Il s'y est fait rapidement. Après avoir été porte-parole du parti, il est devenu le candidat principal du RN pour les élections européennes de 2019 à l'âge de 23 ans. En 2022, après que Marine Le Pen a perdu de justesse l'élection présidentielle contre Macron, il a succédé à elle en tant que leader du parti, sautant ainsi le vice-président longtemps en place et l'ex-compagnon de Le Pen, Louis Aliot.

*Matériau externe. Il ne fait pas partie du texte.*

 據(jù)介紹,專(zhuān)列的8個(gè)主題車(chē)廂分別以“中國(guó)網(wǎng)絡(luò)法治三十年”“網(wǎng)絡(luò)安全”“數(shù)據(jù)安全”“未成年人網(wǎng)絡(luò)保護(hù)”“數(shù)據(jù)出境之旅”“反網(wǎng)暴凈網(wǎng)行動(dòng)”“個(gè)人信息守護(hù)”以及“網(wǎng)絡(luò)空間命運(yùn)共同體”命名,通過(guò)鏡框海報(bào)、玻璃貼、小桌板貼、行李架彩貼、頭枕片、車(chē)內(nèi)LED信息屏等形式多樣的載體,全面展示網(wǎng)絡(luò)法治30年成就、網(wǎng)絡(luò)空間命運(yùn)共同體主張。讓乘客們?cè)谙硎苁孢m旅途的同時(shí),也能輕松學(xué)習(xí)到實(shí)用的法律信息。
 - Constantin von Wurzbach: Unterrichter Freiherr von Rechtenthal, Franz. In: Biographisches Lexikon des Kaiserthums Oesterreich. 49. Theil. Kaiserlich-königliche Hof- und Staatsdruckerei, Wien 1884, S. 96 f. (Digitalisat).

Libéré de la gestion quotidienne du parti, mais presque certain de courir à nouveau pour la présidence en 2027, Le Pen a pu renouveler l'image du RN et le détacher de sa réputation. Le Pen avait commencé sa mission de désintoxication du RN en expulsant son père, Jean-Marie Le Pen – condamné pour déni d'Holocauste – du parti qu'il avait fondé, et plus tard en changant son nom.
L'arrivée et la montée de Bardella peuvent représenter la réalisation de sa mission pour ramener le parti dans le temps présent. Pour de nombreux électeurs plus âgés, le projet d'un gouvernement extrême-droite – rappelant le régime collaborationniste de Vichy pendant la Seconde Guerre mondiale – demeure effrayant. Mais parmi la jeunesse, qui n'est pas chargée de ce bagage historique, le parti a prouvé être très populaire.
Bien que le messagerage du RN reste similaire, le messager a totalement changé. Suave, composé, inébranlable, un enfant de la génération du écran, Bardella a construit une following considérable sur TikTok, où les jeunes votants peuvent regarder lui manger du vin et faire des tirs. Un simple vidéo de lui mangeant un bonbon a été visionnée plus de 7,5 millions de fois.
En deux ans, Bardella a aidé à donner au RN un visage acceptable – et potentiellement électable. Alors que l'alliance d'Ensemble de Macron cherche à se distancer de l'image du président, le manifeste électoral du RN est rempli de portraits splashy du premier ministre-en-attente.
Promesses fantasques ?
Mais la campagne et le gouvernement exigent des compétences différentes. Si Bardella devient premier ministre, il devra faire face au problème commun aux partis qui font le saut de vote de protestation à force de gouvernance crédible : Comment éviter de décevoir les gens une fois au pouvoir, après avoir fait des promesses extravagantes en se battant contre le courant ?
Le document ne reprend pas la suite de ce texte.